Referring to fig. 3A, 3B and 3C, respective deployment diagrams of the gateway server 12, mobile gateway 14 and remote transceiver 16 of the first embodiment are depicted in terms of abstract, interoperable general or special purpose computing processing system environments or configurations.

The gateway server 12 is a computer processing system that includes: a Central Processing Unit (CPU) 120; memory 122 and a wide-area transceiver 124, whereby the functions of the gateway server are performed locally at the wide-area transceiver 124 (although it is contemplated that the functions of the gateway server may also be implemented in a cloud computing environment). The gateway server 12 communicates with the mobile gateway 14 using a wide-range transceiver 124. The memory 122 includes: a gateway server module 126 and a crowdsourcing module 400. The gateway server module 126 is used to coordinate the mobile gateway. The crowdsourcing module 400 is used to perform the method of the embodiments described in more detail below.
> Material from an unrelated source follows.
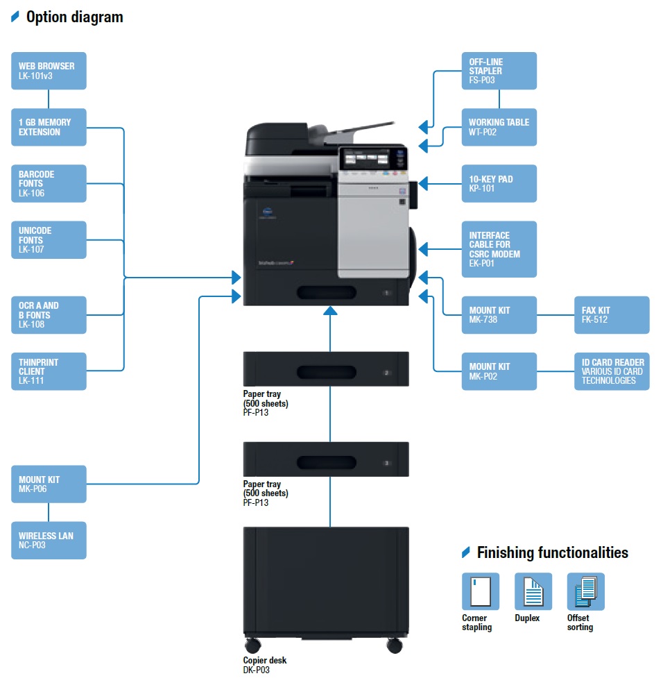 - Basic finishing including stapling, offset-grouping and offset-sorting, to reduce manual work and increase productivity

Mobile gateway 14 is a computer processing system that includes: a Central Processing Unit (CPU) 140; a memory 142; a multi-range transceiver 144; a drive system 146 and a battery 148, whereby the functions of the mobile gateway are performed locally by the CPU 140 (although it is also contemplated that the functions of the mobile gateway may be implemented in a portable computing solution, such as a mobile phone without a drive system and moved by an independent user or in a vehicle). The mobile gateway 14 communicates with the gateway server 12 (when in range) and communicates with the remote transceiver 16 (when in range) using the multi-range transceiver 144. Memory 142 includes mobile gateway module 150 and mobile crowdsourcing module 450. Mobile gateway module 150 is used to coordinate the movement of mobile gateway 14 with drive system 146. The mobile crowdsourcing module 450 is used to perform the method of the embodiments described in more detail below.

The remote transceiver 16 is a computing processing system that includes: a central processor 160; a memory 162; a low power transceiver 164; and a battery 166. Remote transceiver 16 communicates with mobile gateway 14 (when within range) using low power transceiver 164. Memory 162 includes a remote transceiver module 168. Remote transceiver module 168 includes components and instructions for controlling remote transceiver 16 in a manner that is independent of whether the mobile gateway is crowd-sourced and, therefore, will not be described further.

Examples of computing processing systems, environments, and/or configurations that may also be suitable for use as the gateway server 12, mobile gateway 14, and remote transceiver 16 include, but are not limited to, personal computer systems, server computer systems, thin clients, thick clients, hand-held or portable devices, multiprocessor systems, microprocessor-based systems, network PCs, minicomputer systems, mainframe computer systems, and distributed computing environments that include any of the above systems or devices. The distributed computer environment includes a cloud computing environment, for example, where the gateway server is a third party service executed by one or more of the plurality of computer processing systems.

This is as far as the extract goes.